3. Is this a good city for single people? For couples? For families? Why or why not?
Kinshasa can be good for anyone who makes the effort to get out and meet people and try new things.
4. Is this a good city for LGBT expatriates? Why or why not?
Not openly.
5. Are there problems with ethnic, race/racial minorities or religious prejudices? Gender equality?
Gender equality has a long way to go, but open harassment is not really an issue. Congolese are extremely proud of their national identities -- they are Congolese first, and other identities come in a far second. People from the Kasais are sometimes criticized for taking over parts of the country, monopolizing businesses, etc. but there is little outright hostility. Political rivalries could be more problematic, though generally among the Congolese elite. Most Congolese just want to make a living and enjoy their family and friends peacefully.
6. What have been the highlights of your time in this country? Best trips or experiences?
The Congolese are amongst the most warm and fun people I've ever lived/worked with, and I would love to work with them again. Cold beers and roasted goat meat listening to amazing music. Congo River trips. Concert after concert. Dancing rumba. I was fortunate enough to travel to eastern DRC multiple times, and the scenery there is breath-taking.
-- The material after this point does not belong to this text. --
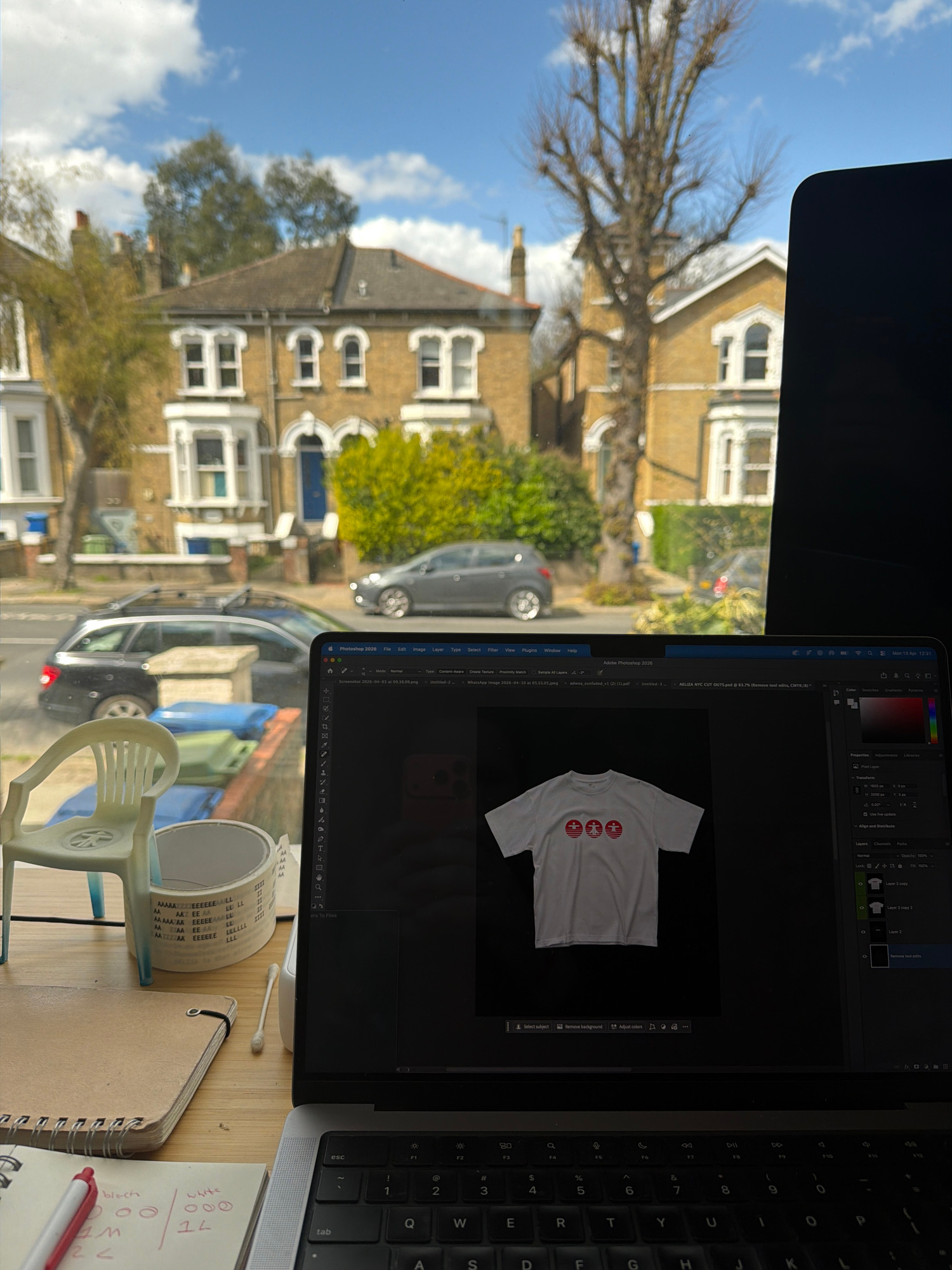 The photograph captures a view through a window in what appears to be a room. Outside the window, a street scene unfolds with rows of terraced houses, trees, and parked cars visible. The houses are co…read more

7. What are some interesting/fun things to do in the area? Can you recommend any “hidden gems"?
Music. Shady cold beer spots along the river.
8. Is this a "shopping post"? Are there interesting handicrafts, artwork, antiques, or other items that people typically buy there?
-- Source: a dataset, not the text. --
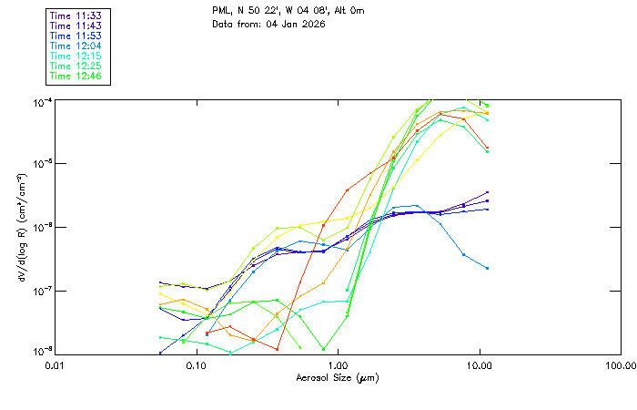 In May 2001 a PREDE POM01-L was installed on the roof of the Plymouth Marine Laboratory to continue the atmospheric correction research of the PML Remote Sensing Group. This was to replace the AERONET CIMEL sunphotometer situated at Rame Head which was decommissioned in 1999. The instrument operates at 7 wavelengths (315, 400, 500, 670, 870, 940 and 1020nm) and scans at pre-set angles away from the solar disk to determine, using the inversion code of Nakajima et al. (2006), various properties of tiny particles called aerosols within the atmospheric column. From these measurements useful atmospheric aerosol parameters such as the Aerosol Optical Thickness (AOT), aerosol size distribution and single scattering albedo can be calculated. Marine aerosols tend to be bigger (D > 1µm) than those generated over the land (0.01 < D < 1µm) and are of a different chemical composition; marine aerosols are salt particles whereas terrestrial aerosols are sulphate compounds.

It's sad, but a serious African art collector can find some amazing pieces -- masks and carvings, and museum quality Kuba cloth -- for very little money.
9. What are the particular advantages of living in this city?
You'll never experience something like it again.
Words of Wisdom:
1. What do you wish you had known about this particular city/country before moving there?
How bad the produce is. There really is not an alternative, though, so there wasn't anything I could have done with that knowledge.
2. Knowing what you know now, would you still move to this city?
Again and again. Hope to go back again in another capacity.
3. If you move here, you can leave behind your:
Most valuable possessions, and any uptight pretensions you have.
4. But don't forget your:
Treadmill if you like to walk/run, and dancing shoes.
5. Do you recommend any books or movies about this city/country for those who are interested in learning more?
Dancing in the Glory of the Monsters, Blood River by Tim Butcher, the Congo Wars by G. Prunier, series of documentaries by Thierry Michel.